- **Provided material**:
#####
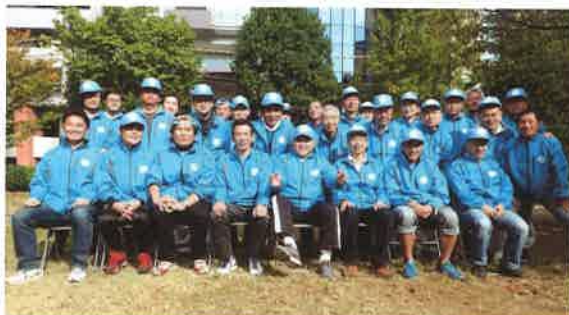
箱崎睦会への入会お問い合わせは、 各種イベント開催時などに遠慮無くどうぞ
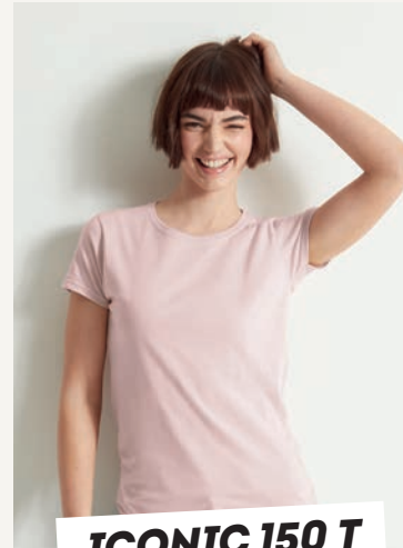
ICONIC 150 T
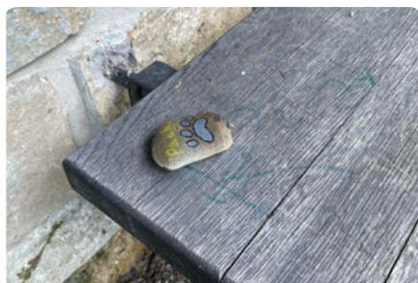
Kamínky – děvčata celou cestu na kolobkách umísťovala kamínky

Jezeráček – zpravodaj Obce Jezernice, květen 2021, č. 2, periodický tisk územního samosprávného celku, čtvrtletník, registrováno u MK ČR pod číslem E 11328. Příspěvky do dalšího čísla pošlete do 31. 8. 2021. Vydává: Obec Jezernice, Jezernice 206, Lipník nad Bečvou 751 31, nákladem 150 ks, vydáno dne 8. 6. 2021. Sazba, zlom a tisk: Computer Media s. r. o.
#####
- **What is required**:
Restate word for word only the lines that run from the line holding "ICONIC 150 T" to the end of the data, both ends kept, leaving every picture out.

- **Written response**:
ICONIC 150 T
Kamínky – děvčata celou cestu na kolobkách umísťovala kamínky

Jezeráček – zpravodaj Obce Jezernice, květen 2021, č. 2, periodický tisk územního samosprávného celku, čtvrtletník, registrováno u MK ČR pod číslem E 11328. Příspěvky do dalšího čísla pošlete do 31. 8. 2021. Vydává: Obec Jezernice, Jezernice 206, Lipník nad Bečvou 751 31, nákladem 150 ks, vydáno dne 8. 6. 2021. Sazba, zlom a tisk: Computer Media s. r. o.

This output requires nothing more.